Recently, Amazon announced that have earned a patent for drone shipping, thus setting a precedent in the shipping industry. These drone will supposedly fly over to a house, hover over the yard, and safely drop the package by parachute.
Now, what does the creating of “Amazon Prime Air” mean for the consumer? Well, for one, shipping times may be quicker. Through automation a truck may be able to deliver multiple packages at once, instead of driving a route dropping off one package at a time. Decreasing a workforce also leaves less room for human error during delivery. This service can be beneficial for homes in rural areas or ones with deep driveways reducing the risk for the truck driver.
On the other hand, many things can go wrong with automation. One is that computers, like humans, can be unpredictable. During delivery you run the risk of drones/parachutes malfunctioning and crashing, leading to damages. Other issues can just come from mother nature herself. A single gust of wind could possibly blow a smaller, lighter package off course or even onto a roof.

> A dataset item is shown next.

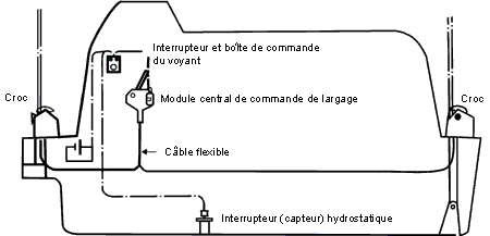 Un pressostat est installé sur la quille de l'embarcation de sauvetage. Ce dispositif détermine si l'embarcation de sauvetage est dans l'eau ou hors de l'eau et il transmet le signal électrique correspondant à la bobine de solénoïde placée sur le levier d'interdiction. Essentiellement, le pressostat est composé d'un diaphragme qui fléchit sous l'influence de la pression hydrostatique, ce qui établit ou coupe un contact électrique, lequel à son tour met sous tension ou hors tension le solénoïde. La chambre au-dessus du diaphragme est maintenue à la pression atmosphérique au moyen d'un évent compensateur.

Another hindrance to the drone delivery service are the Federal Aviation Administration’s (FAA) regulations on commercial aircraft. One such regulation is that drones must remain in the eyesight of the pilot. This causes a snag in Amazon’s initial plan since the company had planned to use the drones remotely, and navigating through a North Raleigh subdivision while always having an eye on the drone could be tricky. Another regulation is that a pilot who operates a commercial drone must have “remote pilot airman certificate” issued by the FAA. This certification is composed of a knowledge test (that must be performed at a certified testing center, an application process and a training course. This lengthy process may prove problematic for Amazon to have all of their truck drivers certified.
Other companies like UPS have begun to jump on the drone bandwagon. On a recent live stream, UPS performed a test fly for a drone that they can load and launch out of the roof of the delivery truck. The the initial flight went well, but the second test was more problematic as the drone was almost crushed but the sliding panel on the truck’s roof.
This test just goes to show how far we have to go perfecting the use of drones; it may not be long, however, before we do.